I'm not entirely sure why you want to do this, so it is a little hard to know whether or not what I came up with addresses your actual use case.

First, I generated a different data set that actually has each class in each age_group:

set.seed(100)

df <- data.frame(year = rep(2011:2014, 3), 
                 class = rep(c("high", "middle", "low"), each = 12), 
                 age_group = rep(1:3, each = 4), 
                 value = sample(1:2, 36, rep = TRUE))

If you are looking for a similar dark-to-light gradient within each age_group you can accomplish this directly using alpha and not worry about adding extra data columns:

ggplot(df) +
  geom_bar(aes(x = year, y = value, 
               fill = factor(age_group)
               , alpha = class ), 
           stat = "identity") + 
  facet_wrap(~age_group) +
  scale_alpha_discrete(range = c(0.4,1)) +
  scale_fill_brewer(palette = "Set1"
                    , name = "age_group")

Here, I set the range of the alpha to give reasonably visible colors, and just chose a default palette from RColorBrewer to show the idea. This gives:

enter image description here

It also gives a relatively usable legend as a starting point, though you could modify it further (here is a similar legend answer I gave to a different question: https://stackoverflow.com/a/39046977/2966222 )

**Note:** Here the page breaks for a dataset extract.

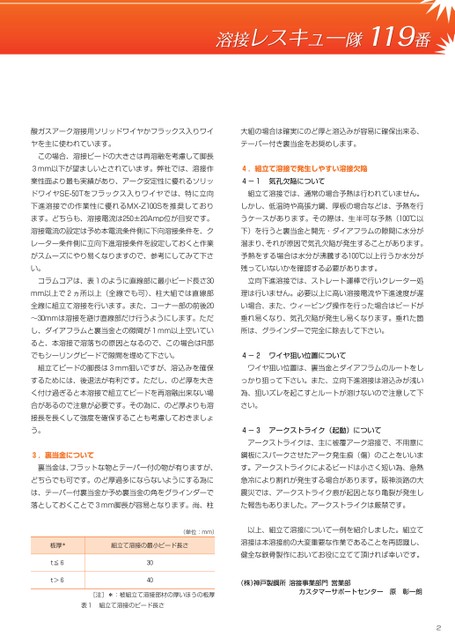 酸ガスアーク溶接用ソリッドワイヤかフラックス入りワイ大組の場合は確実にのど厚と溶込みが容易に確保出来る、ヤを主に使われています。テーパー付き裏当金をお奨めします。この場合、溶接ビードの大きさは再溶融を考慮して脚長3mm以下が望ましいとされています。弊社では、溶接作4.組立て溶接で発生しやすい溶接欠陥業性面より最も実績があり、アーク安定性に優れるソリッ4-1気孔欠陥についてドワイヤSE-0Tをフラックス入りワイヤでは、特に立向組立て溶接では、通常の場合予熱は行われていません。下進溶接での作業性に優れるMX-Z100Sを推奨しておりしかし、低温時や高張力鋼、厚板の場合などは、予熱を行ます。どちらも、溶接電流は250±20Amp位が目安です。うケースがあります。その際は、生半可な予熱(100℃以溶接電流の設定は予め本電流条件側に下向溶接条件を、ク下)を行うと裏当金と開先・ダイアフラムの隙間に水分がレーター条件側に立向下進溶接条件を設定しておくと作業溜まり、それが原因で気孔欠陥が発生することがあります。がスムーズにやり易くなりますので、参考にしてみて下さ予熱をする場合は水分が沸騰する100℃以上行うか水分がい。残っていないかを確認する必要があります。コラムコアは、表1のように直線部に最小ビード長さ30立向下進溶接では、ストレート運棒で行いクレーター処mm以上で2ヵ所以上(全線でも可)、柱大組では直線部理は行いません。必要以上に高い溶接電流や下進速度が遅全線に組立て溶接を行います。また、コーナー部の前後20い場合、また、ウィービング操作を行った場合はビードが〜30mmは溶接を避け直線部だけ行うようにします。ただ垂れ易くなり、気孔欠陥が発生し易くなります。垂れた箇し、ダイアフラムと裏当金との隙間が1mm以上空いてい所は、グラインダーで完全に除去して下さい。ると、本溶接で溶落ちの原因となるので、この場合はR部でもシーリングビードで隙間を埋めて下さい。4-2ワイヤ狙い位置について組立てビードの脚長は3mm狙いですが、溶込みを確保ワイヤ狙い位置は、裏当金とダイアフラムのルートをしするためには、後退法が有利です。ただし、のど厚を大きっかり狙って下さい。また、立向下進溶接は溶込みが浅いく付け過ぎると本溶接で組立てビードを再溶融出来ない場為、狙いズレを起こすとルートが溶けないので注意して下合があるので注意が必要です。その為に、のど厚よりも溶さい。接長を長くして強度を確保することも考慮しておきましょう。3.裏当金について4-3アークストライク(起動)についてアークストライクは、主に被覆アーク溶接で、不用意に鋼板にスパークさせたアーク発生痕(傷)のことをいいま裏当金は、フラットな物とテーパー付の物が有りますが、す。アークストライクによるビードは小さく短い為、急熱どちらでも可です。のど厚過多にならないようにする為に急冷により割れが発生する場合があります。阪神淡路の大は、テーパー付裏当金か予め裏当金の角をグラインダーで震災では、アークストライク痕が起因となり亀裂が発生し落としておくことで3mm脚長が容易となります。尚、柱た報告もありました。アークストライクは厳禁です。(単位:mm)以上、組立て溶接について一例を紹介しました。組立て板厚*t≦6t>6組立て溶接の最小ビード長さ3040[注]*:被組立て溶接部材の厚いほうの板厚表1組立て溶接のビード長さ溶接は本溶接前の大変重要な作業であることを再認識し、健全な鉄骨製作においてお役に立てて頂ければ幸いです。(株)神戸製鋼所溶接事業部門営業部カスタマーサポートセンター原彰一朗2

Alternatively, if you really, really want to specify the colors yourself, you can add a column to the data, and base the color off of that:

df$forColor <-
  factor(paste0(df$class, " (", df$age_group , ")")
         , levels = paste0(rep(c("high", "middle", "low"), times = 3)
                           , " ("
                           , rep(1:3, each = 3)
                           , ")") )

Then, use that as your fill. Note here that I am using the RColorBrewer brewer.pal to pick colors. I find that the first color is too light to show up for bars like this, so I excluded it.

ggplot(df) +
  geom_bar(aes(x = year, y = value, 
               fill = forColor), 
           stat = "identity") + 
  scale_fill_manual(values = c(brewer.pal(4, "Blues")[-1]
                               , brewer.pal(4, "Reds")[-1]
                               , brewer.pal(4, "Purples")[-1]
                               )
                    , name = "Class (age_group)") +
  facet_wrap(~age_group)

gives:

enter image description here

The legend is rather busy, but could be modified similar to the other answer I linked to. This would then allow you to set whatever 9 (or more, for different use cases) colors you wanted.